Harvard Is Wrong That Asians Have Terrible Personalities
By Wesley Yang
There’s a moving passage contained in a deposition taken in the major class-action lawsuit accusing Harvard University of racial bias against Asian-Americans. An attorney for Students for Fair Admissions, the nonprofit group representing a dozen Asian-Americans denied admission by Harvard, confronts the assistant principal of Stuyvesant High School with evidence that white students applying to Harvard in 2014 from her school were more than twice as likely to be admitted to the university as were her Asian-American students.
The assistant principal, Casey Pedrick, starts to cry.
(Witness crying.)
Q. I’m sorry this is upsetting to you. Do you want to take a break?
A. (Witness shakes her head no.)
Q. You want to keep going? Do you want to tell me why this is so upsetting to you?
A. Because these numbers make it seem like there’s discrimination, and I love these kids, and I know how hard they work. So these just look like numbers to all you guys, but I see their faces.
That last sentence is worth lingering on for a moment. When Ms. Pedrick looks in the faces of her Asian students, who comprise more than 70 percent of the population at Stuyvesant, she doesn’t see any one of them as “yet another textureless math grind,” as M.I.T.’s dean of admissions was brazen enough to call a Korean-American student to Daniel Golden, the author of “The Price of Admission.” She doesn’t see her students as an arrogant, privileged “ethnic group” who think they “own admission” to these high-performing schools, as the new chancellor of New York City Schools, Richard Carranza, recently put it.

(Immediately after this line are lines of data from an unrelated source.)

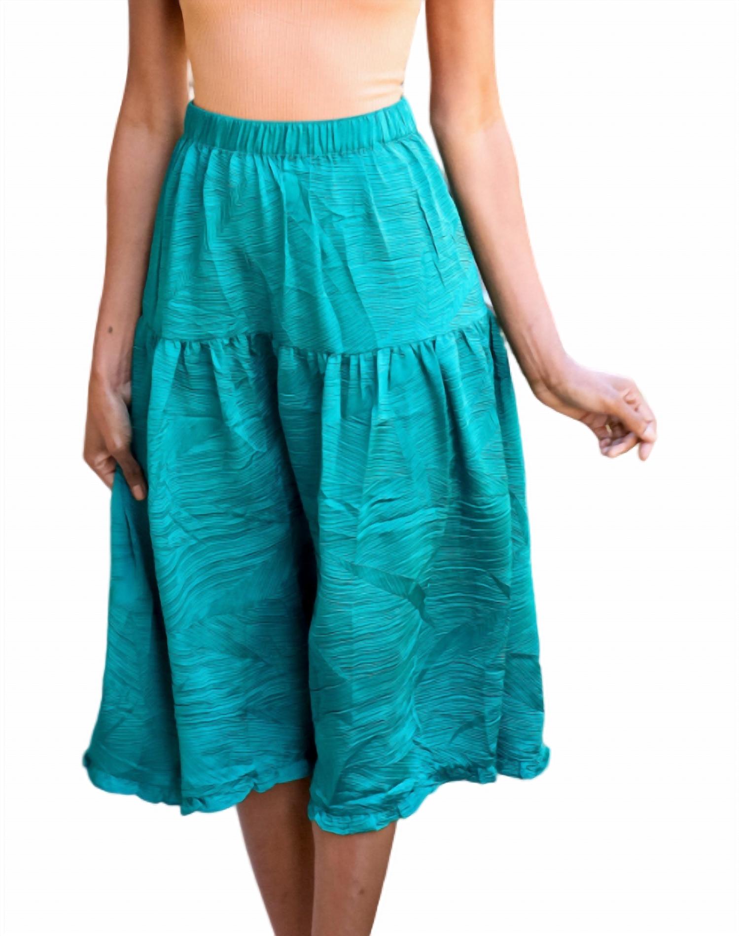 Emerald Green Crinkled Texture Elasticized Waist Tiered Midi Length Skirt. This midi skirt is suitable for any occasion. It features a midi length, a back elastic gathered waistband, and pockets. It is lined for added comfort. The fabric is ultra-soft. Material: 95% cotton, 5% elastane.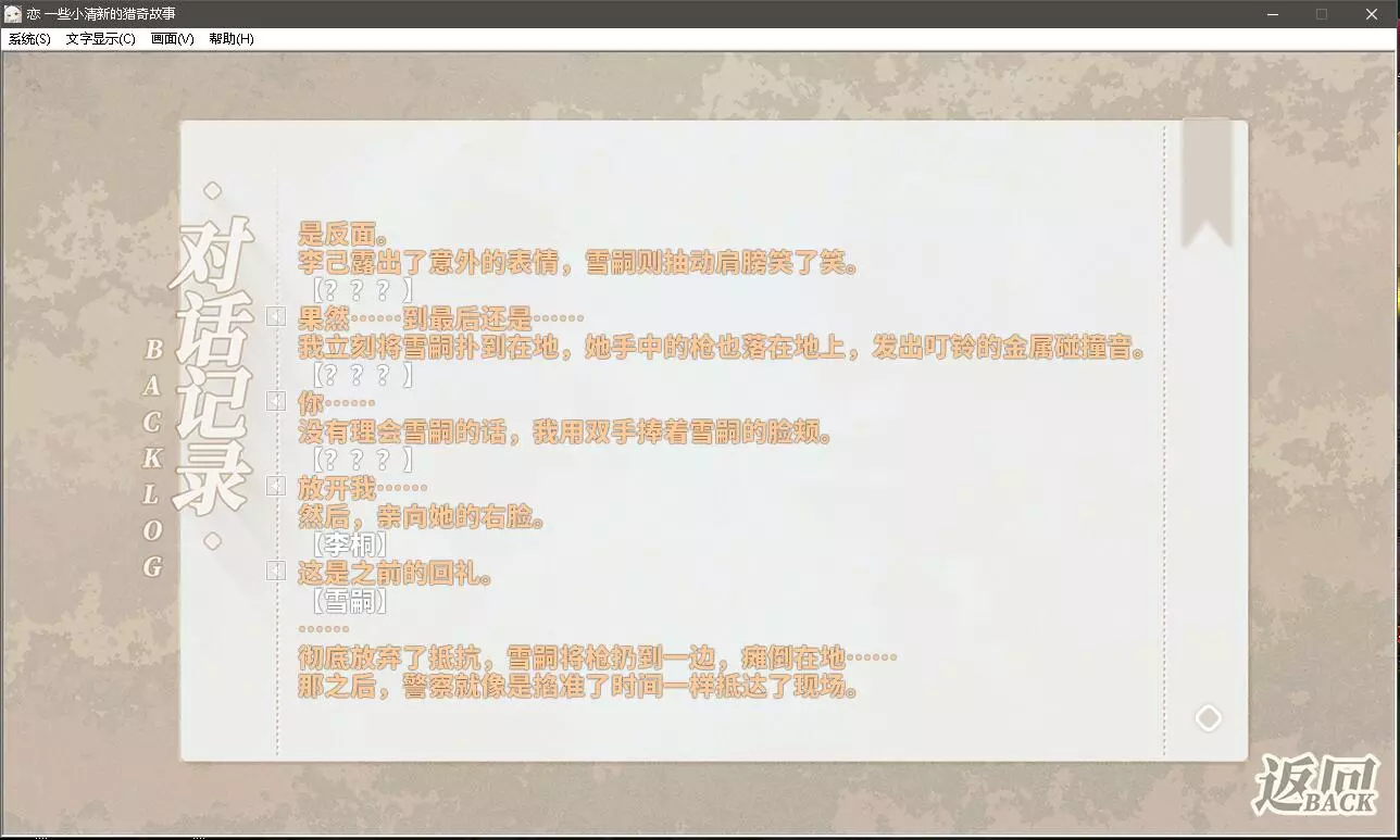 李己决定让雪嗣看看奇迹,一百次抛硬币全部正面朝上。李桐则是分散雪嗣的注意力,慢慢靠近雪嗣。在这个世界线硬币当然只会正面朝上啦,这就是故事的设定了。终于在第100次的时候,硬币是反面了,也是千钧一发之际,李桐扑到了想要开枪自尽的雪嗣,将故事开头雪嗣亲吻自己的那一份还给了她。此处真的也需要CG。 最后警察姗姗来迟。在这一条世界线里没有人员伤亡了,已经算是美好的结局了。(大概?)后记 至此,对于第一个故事【回忆之物】的梳理就结束啦。 第一次写指南可能有很多不好的地方,见谅。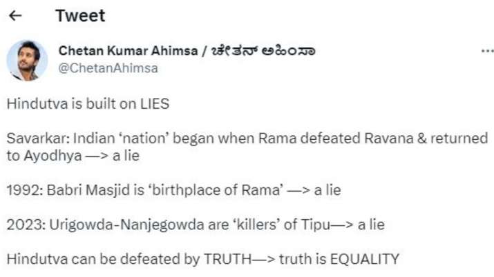 चेतन कुमार एक्टिंग के साथ विभिन्न मुद्दों पर अपनी बेबाक राय रखने के लिए जाने जाते हैं। पहले भी एक्टर अपनी बयानबाजी के लिए कानूनी पचड़े में फंस चुके हैं। इस बार उनके निशाने पर हिंदुत्व आया। चेतन ने अपने ट्वीट में लिखा, "हिंदुत्व झूठ पर बना है...। सावरकर: भारतीय 'राष्ट्र' तब शुरू हुआ जब राम ने रावण को हराया और अयोध्या लौटे- एक झूठ है। 1992: बाबरी मस्जिद 'राम की जन्मभूमि' है- एक झूठ है। 2023: उरीगौड़ा- नानजेगौड़ा टीपू के 'हत्यारे' हैं- एक झूठ है। हिंदुत्व को सत्य से हराया जा सकता है- सत्य समानता है।"

Ms. Pedrick knows that her Asian students believe they have to earn their admission to Stuyvesant in the only way anyone has for more than four decades: by passing a rigorous entrance exam. Their parents will often invest a major share of the family income into test preparation courses to help them pass — this despite the fact that more Asians live in poverty than any other group in New York City.
At the time that she was deposed, Ms. Pedrick did not know that the Harvard admissions office consistently gave Asian-American applicants low personality ratings — the lowest assigned collectively to any racial group. She did not know that Harvard’s own Office of Institutional Research had found that if the university selected its students on academic criteria alone, the Asian share of the Harvard student body would leap from 19 percent to 43 percent. She did not know that though Asians were consistently the highest academically performing group among Harvard applicants, they earned admission at a rate lower than any other racial group between 2000 and 2019.
All she knew was what she had witnessed as an assistant principal and the single fact that she was shown by her deposers. But perhaps she intuited the rest.
Earlier this month, we learned that a review of more than 160,000 individual student files contained in six years of Harvard’s admissions data found that Asians outperformed all other racial groups on every measure of academic achievement: grades, SAT scores and the most AP exams passed. They had more extracurricular activities than their white counterparts. They were rated by interviewers who had met them as virtually on par with their white counterparts in their personal qualities. Yet Harvard admissions officers, many of whom had never met these applicants, scored them collectively as the worst of all groups in the one area — personality — that was subjective enough to be readily manipulable to serve Harvard’s institutional interests.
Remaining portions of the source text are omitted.